Efficacia microbiologica:

Dopo l'incubazione, le lamelle sono state rimosse, prima immerse in acqua deionizzata sterile (DI), poi poste in una piastra Petri sterile. Ogni lamella è stata collocata in un tubo di centrifuga conico da 50 ml. È stato testato un detergente alcalino formulato (contenuto dell'1%) a 60°C con il metodo ASTM a singolo tubo. Il biofilm formato sulle lamelle pure o con Rouging è stato esposto a 4 ml di soluzione detergente. Per neutralizzare la reazione, sono stati aggiunti 36 ml di brodo Letheen freddo (~4°C) con Asolectina e TWEEN® (LAT) alla soluzione di 4 ml, mescolando energicamente. Ogni lamella neutralizzata è stata sottoposta a tre cicli di agitazione di 30 secondi alla massima velocità e a un trattamento ultrasonico di 30 secondi. I campioni prelevati sono stati serialmente diluiti e le soluzioni diluite sono state versate su agar LAT, distribuite e incubate a 37°C per 2 giorni.

Test TOC:

È stato valutato il detergente alcalino formulato (contenuto dell'1%). Le lamelle pure e con Rouging, con e senza biofilm di P. aeruginosa, sono state essiccate all'aria per almeno 24 ore prima della pulizia. La procedura prevedeva l'immersione delle lamelle in 1 litro di detergente riscaldato a 30°C e agitato a 300 giri/min. Le lamelle sono state pulite per 5 minuti, risciacquate con acqua deionizzata, quindi tamponate con tamponi di poliestere a basso contenuto di TOC. I tamponi sono stati sottoposti a trattamento ultrasonico in 40 ml di acqua deionizzata per 15 minuti e analizzati per TOC.

Conclusioni 

Il reattore CDC per biofilm e i metodi ASTM di supporto rappresentano un sistema standard riproducibile per valutare le problematiche di pulizia e disinfezione in presenza di formazione di biofilm. In questo studio, queste metodologie standard sono state combinate con la metodologia STERIS per la simulazione di superfici con Rouging, creando per la prima volta un modello di acciaio inossidabile con Rouging e dimostrando quantitativamente e qualitativamente che il Rouging può aumentare l'impegno richiesto per la pulizia e la disinfezione del biofilm.

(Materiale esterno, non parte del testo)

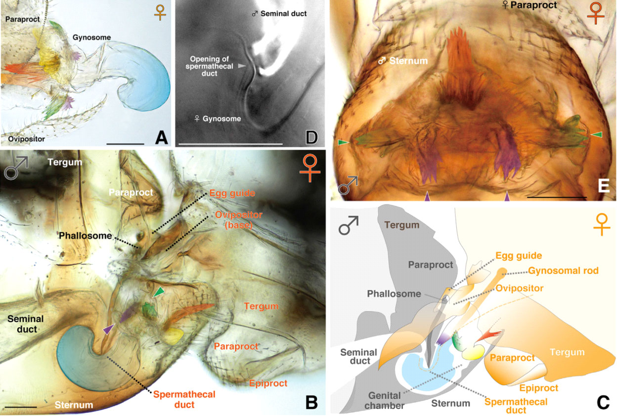 Рис. 2. Гениталии и спаривание Neotrogla curvata. A — гиносома в состоянии эрекции; B, C — копуляция, вид сбоку; E — вид снизу; D — увеличенное изображение, показывающее, что отверстие канала сперматеки самки (opening of spermathecal duct) во время спаривания оказывается точно напротив семявыводящего канала самца (seminal duct). Разными цветами подкрашены части гиносомы: голубым — концевая часть, оранжевым — базальный стержень, желтым — дорзальный выступ, зеленым, красным и сиреневым — три участка с шипами. Соответствующие три кармана в вагине самца отмечены треугольными стрелками тех же цветов. Длина масштабной линейки 0,1 мм. Изображение из обсуждаемой статьи в Current Biology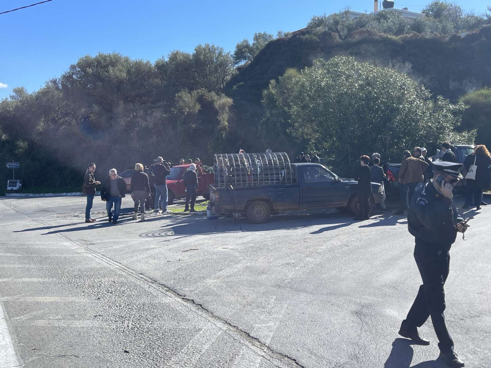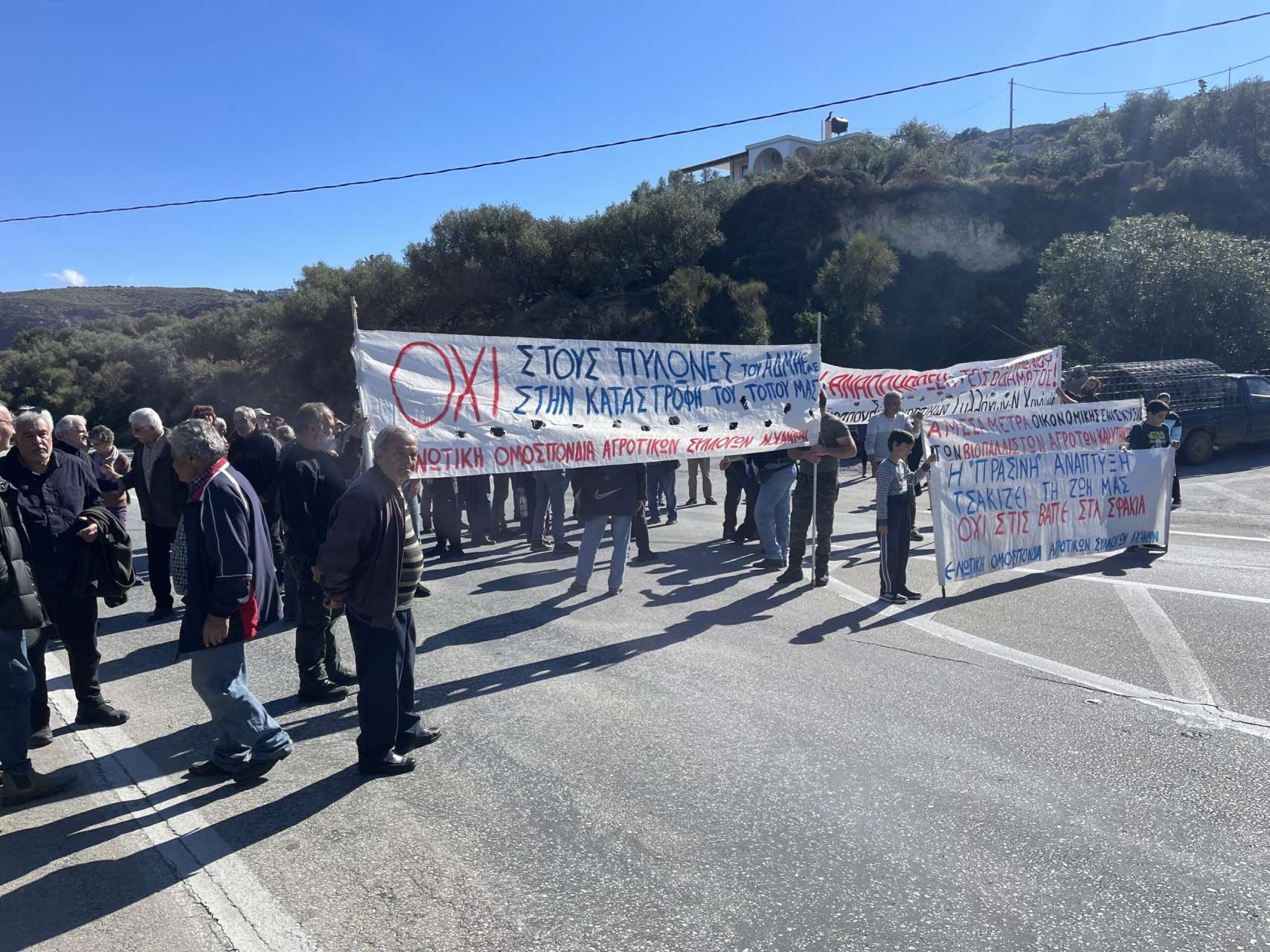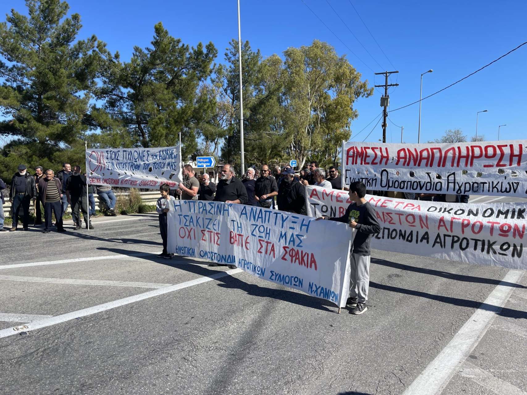 Το μεσημέρι της Κυριακής, οι διαμαρτυρόμενοι απέκλεισαν για λίγη ώρα την κυκλοφορία στην Εθνική οδό Χανίων-Ρεθύμνης, στο ύψος του κόμβου στα Μεγάλα Χωράφια, όπου έχουν στήσει μπλόκο, με πανό και συνθήματα.

La contaminazione da biofilm rappresenta una sfida significativa per le procedure di pulizia e disinfezione regolari. Le superfici con Rouging possono accelerare la formazione di contaminazioni superficiali e di biofilm, oltre a intensificare le deviazioni microbiche. Questo effetto sinergico può portare rapidamente alla formazione di aggregati di Rouging/biofilm persistenti, come dimostrato in questo studio simulato. Il test di pulizia presentato dimostra chiaramente che strategie di pulizia efficaci, manutenzione preventiva e disinfezione sono essenziali all’interno di un approccio sistematico alla regolamentazione della contaminazione.

Riferimenti bibliografici 

(1) Hall-Stoodley, L. e Stoodley, P. (2002) Developmental Regulation of Microbial Biofilms. Current Opinion in Biotechnology. 13:228-233.

(2) ASTM E2562 – 12 Standard Test Method for Quantification of Pseudomonas aeruginosa Biofilm Grown with High Shear and Continuous Flow using CDC Biofilm Reactor.

(3) Buckingham-Meyer, K., Goeres, D.M. e Hamilton, M.A. (2007) Comparative evaluation of biofilm disinfectant efficacy tests. Journal of Microbiological Methods. 70: 236-244.

(4) Dell’Aringa, B., Deal, A., Klein, D., e Lopolito, P., (2013) The Use of CDC Biofilm Reactor to Test Cleaning Agents, Poster, Center for Biofilm Engineering Conference, Montana State University, 5.-6. Febbraio 2013.